Answer
(a) B
(b) $speed=1~m/s$
(c) $speed=2~m/s$
(d) $speed=0.5~m/s$
Work Step by Step
(a) The slope of a straight-line segment on a position-versus-time graph is equal to the velocity of the object. If the segment points up, the velocity is positive. If the segment points down, the velocity is negative. The speed is the magnitude of the velocity. So, it does not matter if the segment points up or down. We just need to observe the absolute value of the slope of the straight-line segment.
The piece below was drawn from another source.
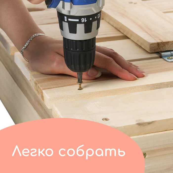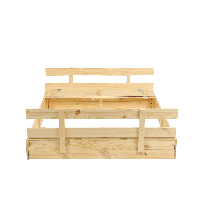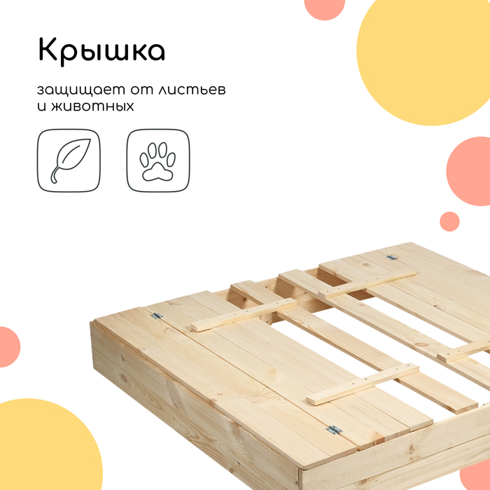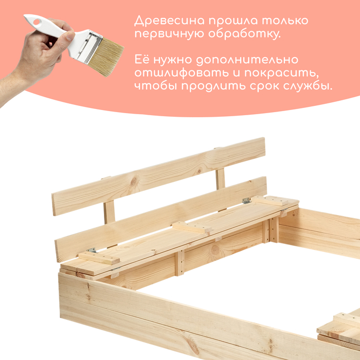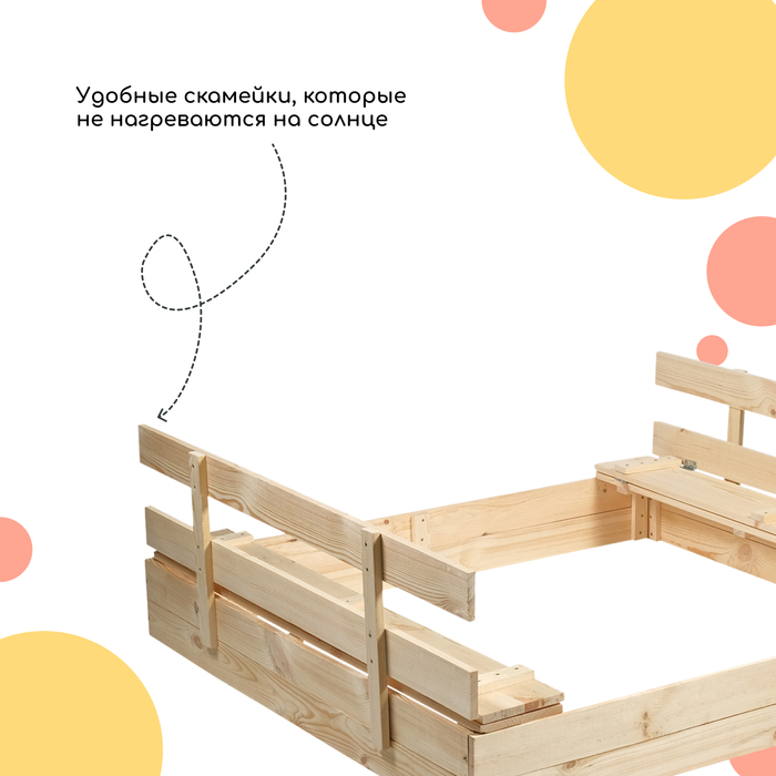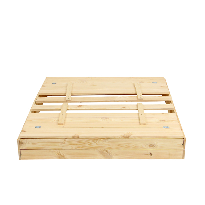 Песочница деревянная, с крышкой, 150 × 140 × 18 см, без покраски, лавочки (2 шт.), Greengo

In this case, the player has the greatest speed on B.
(b) The segment A starts with $x_{0}=3~m,~t_{0}=0$ and finishes with $x_{1}=1~m,~t_{1}=2~s$.
$v_{av}=\frac{x_{1}-x_{0}}{t_{1}-t_{0}}=\frac{1~m-3~m}{2~s-0}=-1m/s$
$speed=|-1~m/s|=1~m/s$
(c) The segment B starts with $x_{1}=1~m,~t_{1}=2~s$ and finishes with $x_{2}=3~m,~t_{2}=3~s$.
$v_{av}=\frac{x_{1}-x_{0}}{t_{1}-t_{0}}=\frac{3~m-1~m}{3~s-2~s}=2m/s$
$speed=|2~m/s|=2~m/s$
(d) The segment C starts with $x_{2}=3~m,~t_{2}=3~s$ and finishes with $x_{3}=2~m,~t_{3}=5~s$.
$v_{av}=\frac{x_{3}-x_{2}}{t_{3}-t_{2}}=\frac{2~m-3~m}{5~s-3~s}=-0.5m/s$
$speed=|-0.5~m/s|=0.5~m/s$